I wrote over 3000 words yesterday. IN ONE DAY. I don’t love everything I wrote, but some of it was pretty darn good. And, if I hadn’t taken so long with writer’s block, I would have written more because it took me a good two hours of staring at the screen to figure out that I just needed to start in another place. Sheesh.
Going into the weekend I’m stoked. Not just because of my word count, although I’m happy I made it over 10K in spite of all the issues this week, but because of what I’m learning. Such as:
1. I do better if I break up my writing. About 800 words in the morning before the kids get up, a good hour of writing in the afternoon, and then finish my goal at night. That way I’m not loosing my house or my children to my work. It’s not what Dave Wolverton told us to do, but it’s working with the kid’s schooling and my church obligations in the evenings. You do what works for the situation you’re in. And I love Dave – if you don’t get his Kick in the Pants emails, you’re really missing out.
2. I’m capable! Who knew? All this time I had taken the advice not to move on until the first few pages were PERFECT and had stumped my growth! Not that I haven’t learned in the past few years or grown, but there is a difference in the way you feel when you’re enjoying writing verses being frustrated because it never turns out perfect. Much easier and productive to get in the zone.
3. I don’t have delusions of grandeur. I know for a fact that I’m writing very sloppy work right now. I’ve got adverbs all over the place. My husband asked me, “Can I read some of it when I got home?” and I cringed. I said, “Let me do some editing first.” Some meaning A LOT.

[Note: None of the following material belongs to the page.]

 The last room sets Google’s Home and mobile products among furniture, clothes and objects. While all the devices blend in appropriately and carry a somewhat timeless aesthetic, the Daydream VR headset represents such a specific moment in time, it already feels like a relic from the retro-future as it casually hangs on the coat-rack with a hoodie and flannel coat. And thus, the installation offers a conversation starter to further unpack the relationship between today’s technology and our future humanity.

4. Work ethic. Habit. Goal setting. Whatever you want to call it, it’s working for me. I’ve never set a goal of word count or any such thing before. My biggest goals have been to have enough manuscript written well enough not to get laughed out of a writing conference. I haven’t missed a goal yet. 😉 But… I can see I benefit from deadlines.
5. Last, I learned that anything can be used as an excuse. Likewise, anything can be used as a reason. I haven’t blogged about the week because it was a REALLY hard week on the stress factor machine. It hasn’t been easy, and I fell asleep twice with the laptop on my chest while I was still writing, but I found because I was loving it so much, I didn’t want to quit when I woke up. Decide what you want, fall in love, and bulldog it. Don’t let go. If you do, expect to be disappointed.
5 Days, 5 Lessons. Whew.
And today is Day 6! Ready? Set? Write!
You are awesome!
I really admire how you’ve taken off with your writing!

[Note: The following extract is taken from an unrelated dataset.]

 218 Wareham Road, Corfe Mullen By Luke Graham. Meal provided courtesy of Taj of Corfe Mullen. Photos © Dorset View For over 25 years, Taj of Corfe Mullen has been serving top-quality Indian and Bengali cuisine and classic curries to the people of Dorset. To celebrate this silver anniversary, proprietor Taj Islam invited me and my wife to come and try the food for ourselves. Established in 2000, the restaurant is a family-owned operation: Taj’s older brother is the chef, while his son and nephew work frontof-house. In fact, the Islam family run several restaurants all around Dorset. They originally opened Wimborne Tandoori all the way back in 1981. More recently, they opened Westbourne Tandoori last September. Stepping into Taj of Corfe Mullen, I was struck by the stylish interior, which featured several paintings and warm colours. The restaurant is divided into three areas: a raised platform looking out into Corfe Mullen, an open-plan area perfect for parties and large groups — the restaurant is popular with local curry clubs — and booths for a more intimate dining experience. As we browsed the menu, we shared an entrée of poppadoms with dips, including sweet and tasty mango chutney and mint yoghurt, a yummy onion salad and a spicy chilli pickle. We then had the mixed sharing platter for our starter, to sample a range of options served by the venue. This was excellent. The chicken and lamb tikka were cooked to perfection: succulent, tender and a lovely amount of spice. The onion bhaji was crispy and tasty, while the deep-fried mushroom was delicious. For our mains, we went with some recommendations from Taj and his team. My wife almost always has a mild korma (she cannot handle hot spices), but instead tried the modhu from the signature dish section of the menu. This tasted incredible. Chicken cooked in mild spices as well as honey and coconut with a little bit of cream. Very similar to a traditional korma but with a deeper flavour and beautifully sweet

Thank you Elizabeth. I am still in the honeymoon stage. In another week or so I’m hoping I will have built up enough momentum that when it gets tough I will be able to accomplish the goal. =)
I break up the writing too. I have a terrible concentration span and I find if I write for hours and hours that halfway through I switch off. So what I do is write in bursts of about 45 minutes several times a day. I actually write double what I would write in a block of 4 or 5 hours that way because while I’ve been doing other things I have been thinking about what I’m going to write and it just pours oput of me. It’s not a method that works for everyone, but I like it!